Later, after that penalty had expired, the Flyers and Hart gave up another bad goal in the second half of the second period. Brock Nelson took advantage of the Flyers moving slowly to give them an insurmountable 3-0 lead.
For whatever reason, the Flyers have been unable to figure out how to make the most of power play chances.
Claude Giroux spoke about how hard it is to win a series without utilizing the five-on-four.
“I’ll be the first one to blame myself,” he said before Game 7. “We just need to get on the same page. At the end of the day, you just need to figure it out. It doesn’t have to be pretty. We just need to figure it out.”
The Flyers had a chance to reverse fortune on the power play pretty early, and they were able to handle the puck well and create a handful of opportunities, but none of them manifested in a goal. The empty man-advantage was the team’s 12th in a row without a score in the Islanders series.
A 13th opportunity came in the third period at a key spot, with the game on the verge of falling out of competitiveness, but despite some formulaic control in the offensive zone, nothing constructive transpired.
The fact that throughout a seven-game series Philadelphia had gotten just 13 power play tries (fewer than two per game) is a testament to just how disciplined the Islanders have been over the last two weeks.
Appropriately, the Flyers were also putrid with an extra attacker on offense one last time, as they relented an empty-net goal after pulling Carter Hart late to underline the futility the team brought to the rink for Game 7.
Remember watching Game 6 and seeing that the Flyers trailed in shots by more than 20 heading into the two overtime periods?
Well, that same sluggish offense showed up in Game 7, as Philly barely mustered 9 shots in the first two periods combined (compared to the Islanders’ 19).
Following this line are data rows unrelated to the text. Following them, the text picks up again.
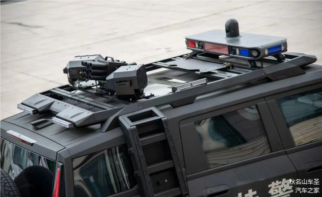 猛士917防弹特警版,车顶按照报警灯之后,再加上该车车身宽度超2米,高度也超2米,虽然车身只有4987mm的长度,但这款车依然具备十足的压迫感。
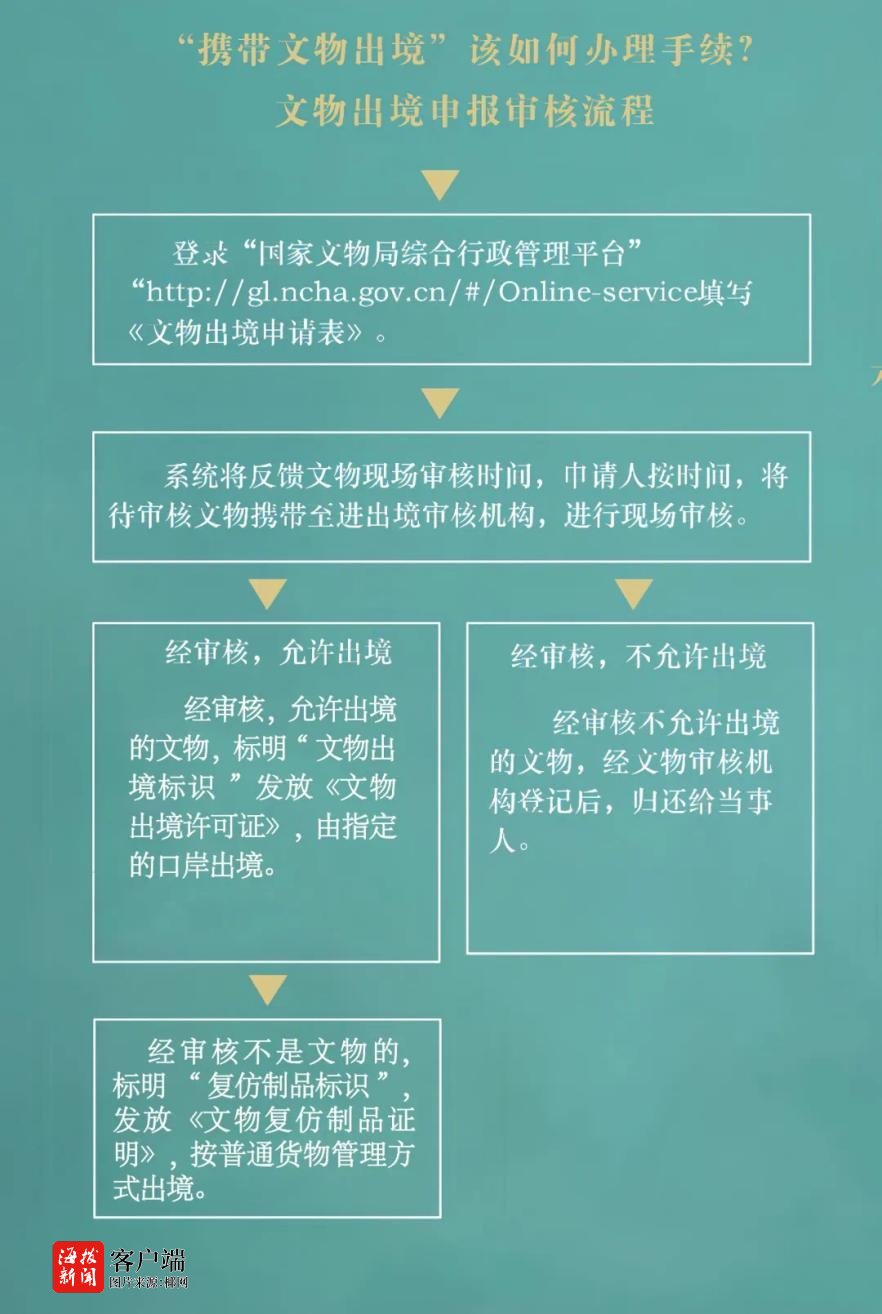 国有文物、非国有珍贵文物、国家规定禁止出境的文物不得出境。如需文物出境,在文物出境前填写文物出境申请表,报国务院文物行政部门指定的文物进出境审核机构审核。经审核允许出境的文物,由国务院文物行政部门发给文物出境许可证,标明文物出境标识,从国务院文物行政部门指定的口岸出境。任何单位或个人邮寄、携带文物出境,应当向海关申报;海关凭文物出境许可证放行。经审核不允许出境的文物,由文物进出境审核机构发还当事人。
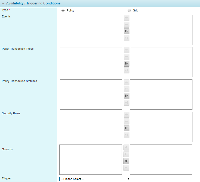 • In the Trigger field, select a Trigger to define the conditions under which the field will be evaluated.
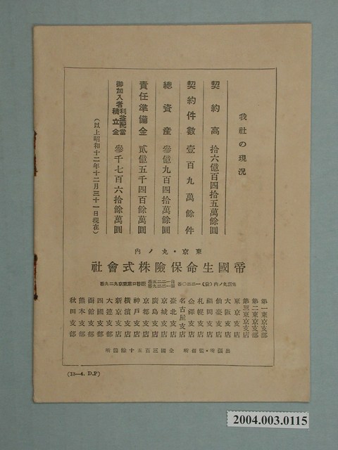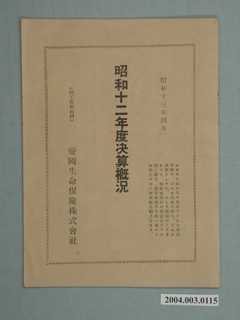 2004.003.0115 帝國生命保險株式會社昭和12年度決算概況
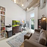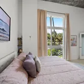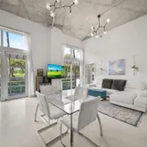 an open living area, in-unit washer/dryer, ample closet, storage space & limestone flooring. Brand new motorized window shades just installed November 2024! The fenced-in courtyard provides a private outdoor space, & the 1 assigned spot in the garage adds convenience. Residents also enjoy access to building amenities...Rarely available Villa at The Meridian! This residence offers a unique loft-style living experience in the heart of Miami Beach. With 2 beds, 2.5 baths, & 14-foot ceilings, this condo boasts
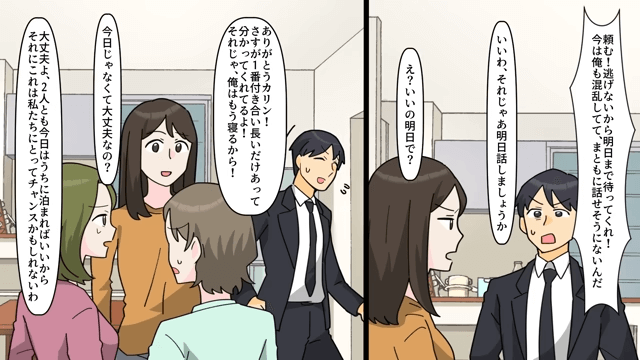 今回は『浮気相手「今すぐ離婚してください!」とクローゼットに押し込まれた話』を紹介します。 夫が三重生活をしていることを知った主人公は、夫を糾弾するためにもう1人の浮気相手にも協力を求めます。 そして10日後、主人公は帰宅した夫に「おかえり、ちょっと今日話したいことあるんだけどいい?」と声をかけました。

It doesn’t explain their lack of urgency and potency with the puck, but Islanders head coach Barry Trotz’ idea to start back-up goalie Thomas Greiss was one that seemed peculiar at first but really panned out. After scoring five goals against starter Semyon Varlamov in Game 6, having a different netminder was a curveball for the Flyers, who had confidence that they could score at on New York’s No. 1 goalie.
After a rather unimpressive Scott Laughton-Jean Gabriel Pageau fight failed to spark the Flyers, Alain Vigneault went with an extra attacker with more than six minutes to play. Seconds later, Anthony Beauvillier knocked the puck out of the Flyers offensive zone and scored on an empty net.
In a wacky penalty we have to mention here (why not pile on), the Flyers committed a penalty while trying with a 6-on-5 a second time, putting too many (count em, seven) on the ice inside the four-minute mark.